При этом попаданец — преступник и по законом «своей родины», мира «старта». С тем же вердиктом, если без моратория.
Коллеги, у вас есть опыт «преступления законов»? Любых — государственных, воровских, моральных…? — Готовьтесь, тренируйтесь — вам в этом жить. Ежедневно. Любые законы — не для вас.
Кроме, конечно, закона сами знаете какого Исаака.
И будьте уверены, что, в случае вашего успеха, от вас будут проистекать «обвинительный уклон», «неправосудные решения», «казни неповинных»… В таких объёмах, что практика «р-революционных трибуналов» покажется детской игрой в песочнице.
Мемуары начальников расстрельных команд почитывали? Что у них с психикой происходило — запомнили? Ищите симптомы у себя. И учтите: палачам было легче — они чужие решения исполняли. Вы — свои.
* * *
Суть миссии монахов — понятна. Непонятно кто что в этот супчик добавлял. А надо знать. Не во всяк день у Гнедка чуйка сработает, и он привезёт меня в нужное место. Таможня может оказаться не столь дотошной, форма может быть более изощрённой. А откушать мышьяка или чего сходного… не хочется. Надо «обратиться к первоисточнику» и «придавить в колыбели».
Лучшая защита — нападение. Надо знать — на кого.
Внешний уровень миссии публично провозглашался Кастратом при благословении «на дело». Средний, тоже публично — игуменом Свято-Георгиевского монастыря. Правда, без перспектив будущего торга за новые земли между епископами.

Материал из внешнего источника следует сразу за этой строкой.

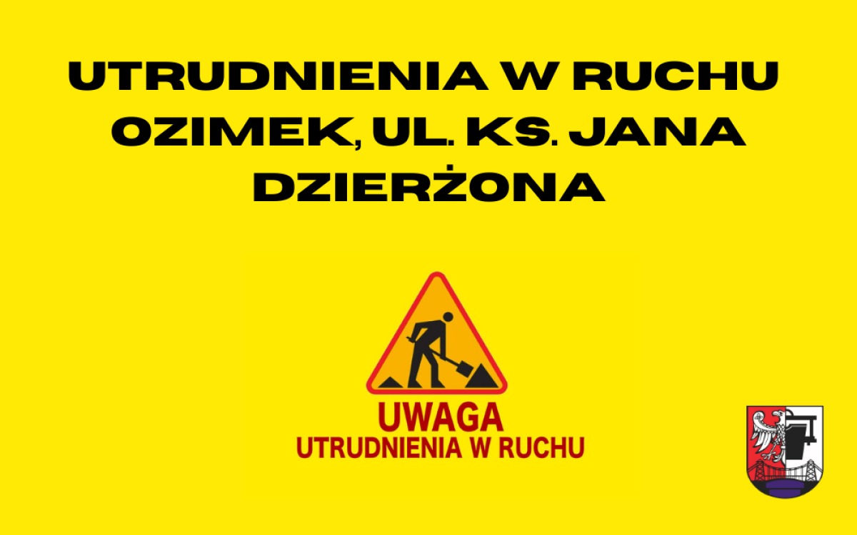 W związku z prowadzonymi pracami remontowymi na ul. ks. J. Dzierżona w Ozimku informujemy, że w dniu dzisiejszym wystąpią utrudnienia w ruchu drogowym na całym odcinku ulicy.

Упор для Чимахая и его товарищей делался на проповедничестве в языческих племенах, на изгнание местных божков, которые для христиан — разновидности бесов диавольских. Этот оттенок чертовщины и обосновывал участие в походе монахов-бесогонов. Для окормления уже крещённой паствы такие мастера не нужны.

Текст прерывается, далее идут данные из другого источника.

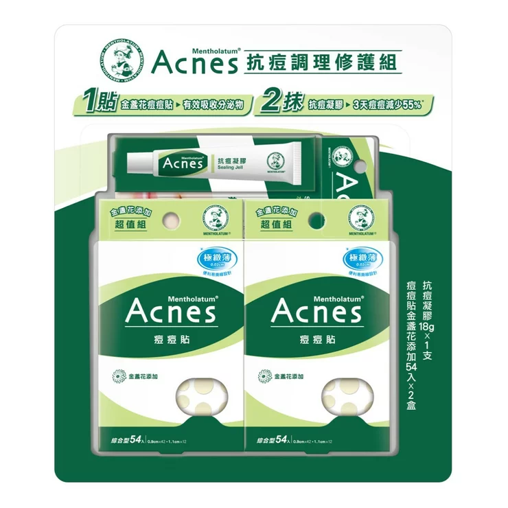 內容量/入數 : 曼秀雷敦痘痘貼(滅菌)54入 X 2盒 + 抗痘凝膠18公克 X 1入

Вот если цель — силовая поддержка «комиссара» при ликвидации «объекта», то ребята типа Чимахая, при использовании «в тёмную» — уместны.
Странно, что никто не обратил внимание на несоответствие между заявлениями епископа и игумена. У первого цель — «свои люди, окормление», у второго — «чужие бесы, изгоняние». А вот третья цель: «Ванька-лысый, отравление»…
Когда я задал прямой вопрос:
– Сколько получил монастырь за ваши головы?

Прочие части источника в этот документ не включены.